Background: Unraveling the genetic background in a significant proportion of patients with both sporadic and familial IPF provided new insights into the pathogenic pathways of pulmonary fibrosis.
Aim: The aim of the present study is to overview the clinical significance of genetics in IPF.
Perspective: It is fascinating to realize the so-far underestimated but dynamically increasing impact that genetics has on aspects related to the pathophysiology, accurate and early diagnosis, and treatment and prevention of this devastating disease.
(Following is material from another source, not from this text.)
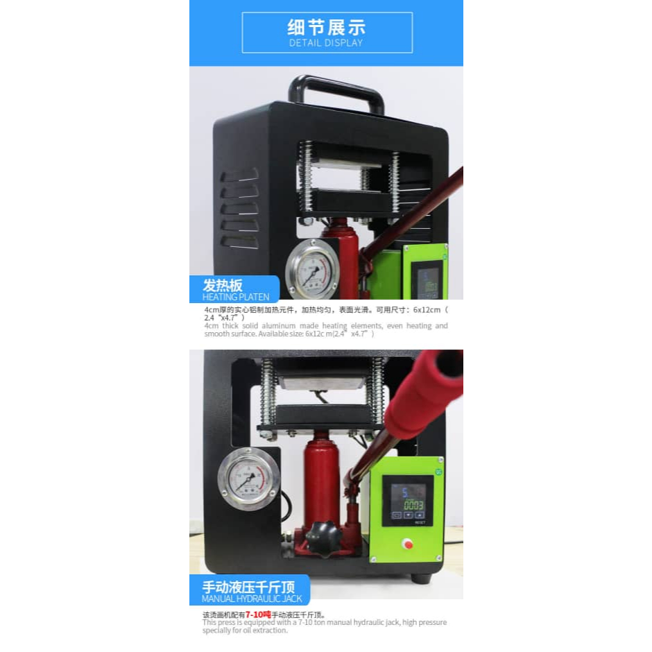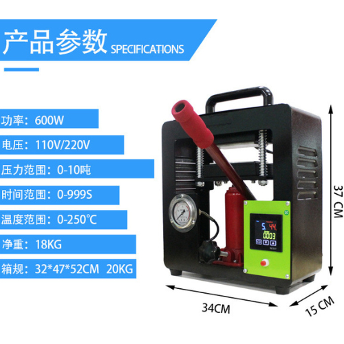 高压能力: 可产生高达10吨的压力,确保最大效率地提取松香。
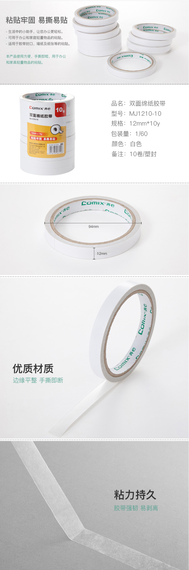 商品名稱:齊心 MJ1210-10 雙面棉紙膠帶 10卷/筒

Genetics in IPF have contributed as no other in unchaining the disease from the dogma of a "a sporadic entity of the elderly, limited to the lungs" and allowed all scientists, but mostly clinicians, all over the world to consider its many aspects and "faces" in all age groups, including its co-existence with several extra pulmonary conditions from cutaneous albinism to bone-marrow and liver failure.
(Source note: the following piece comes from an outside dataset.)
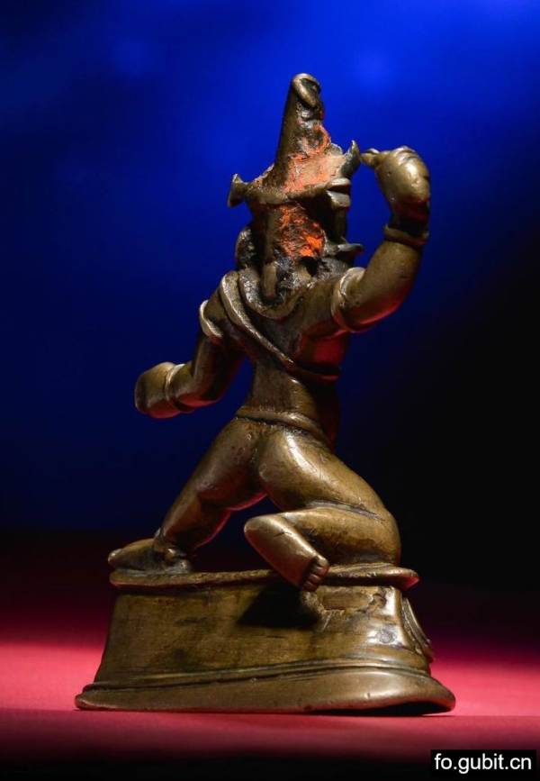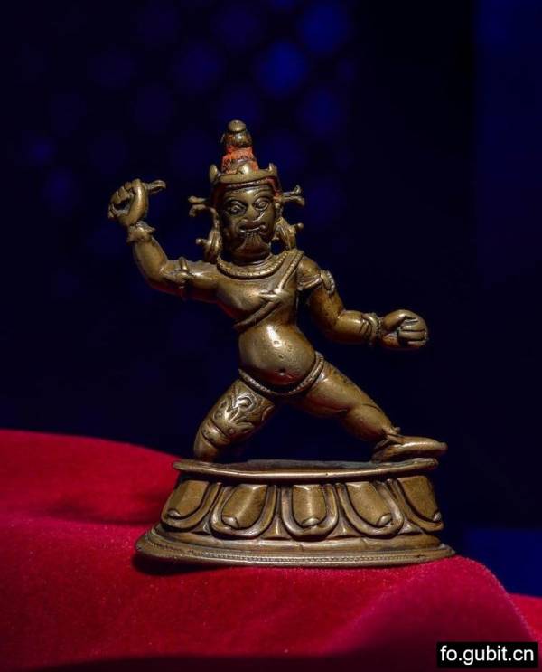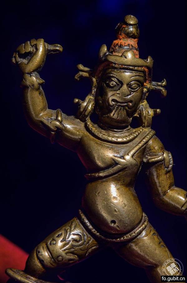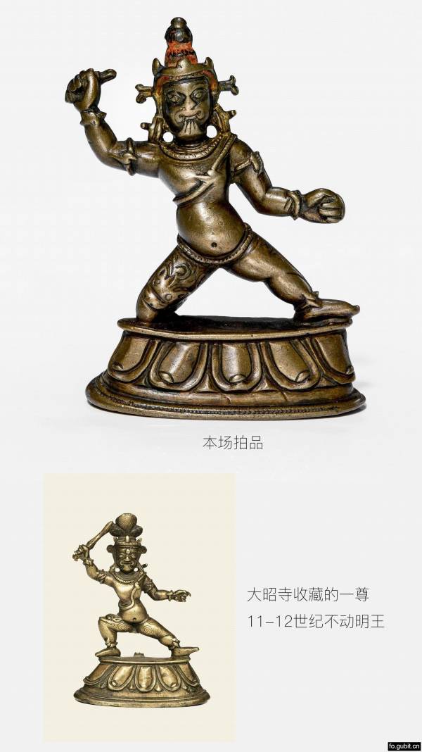 本尊造像尺寸不大,但整体强劲有力,神态威严. 菩萨头戴小三叶宝冠,发赤上扬,面部五官紧凑,双目圆睁,牙齿仅仅咬着下唇,十分怖畏,佩戴蛇形大耳珰垂于双肩,气势非凡;四肢粗壮,敦实有力,肌肉非常饱满,右手施期勉印,高举金刚杵,左手结忿怒拳印,代表具有摧毁魔敌的力量;双腿健壮右屈左伸,以跪姿于莲台之上,张开的双腿稳如泰山,气势非凡,具足摧毁魔敌的力量,值得注意的是金刚手菩萨基本上都是以右展姿出现,而跪姿多见于不动明王形象中,跪姿的金刚手菩萨造像尚属首次出现,特别罕见. 金刚手菩萨以蛇为装饰,腰部、手臂、脚踝等处缠蛇,暗示其为龙神之主的身份,其中一条毒蛇经过双乳交叉绕,代表无上法力,更加彰显其忿怒威猛,神威四射. 莲瓣规整,张力十足,尖端稍卷,时代特征明显,整体细节与大昭寺收藏的一尊11-12世纪不动明王(图一)一致。这尊造像有着力拔山兮之势,体态扎实有力,神态怒中有威,铜质细腻,光滑明亮,肢体协调,富有动感,是11-12是西藏本土造像中的精品之作,表现出很强的艺术感染力。

Conclusion: By providing additional evidence for unsuspected characteristics such as immunodeficiency, impaired mucus, and surfactant and telomere maintenance that very often co-exist through the interaction of common and rare genetic variants in the same patient, genetics have created a generous and pluralistic yet unifying platform that could lead to the understanding of the injurious and pro-fibrotic effects of many seemingly unrelated extrinsic and intrinsic offending factors. The same platform constantly instructs us about our limitations as well as about the heritability, the knowledge and the wisdom that is still missing.
Keywords: MUC5B; alveolar epithelial cell; idiopathic pulmonary fibrosis; interstitial lung disease; short telomere syndrome; single nucleotide polymorphisms; surfactant-related gene mutations; telomere-related-gene mutations.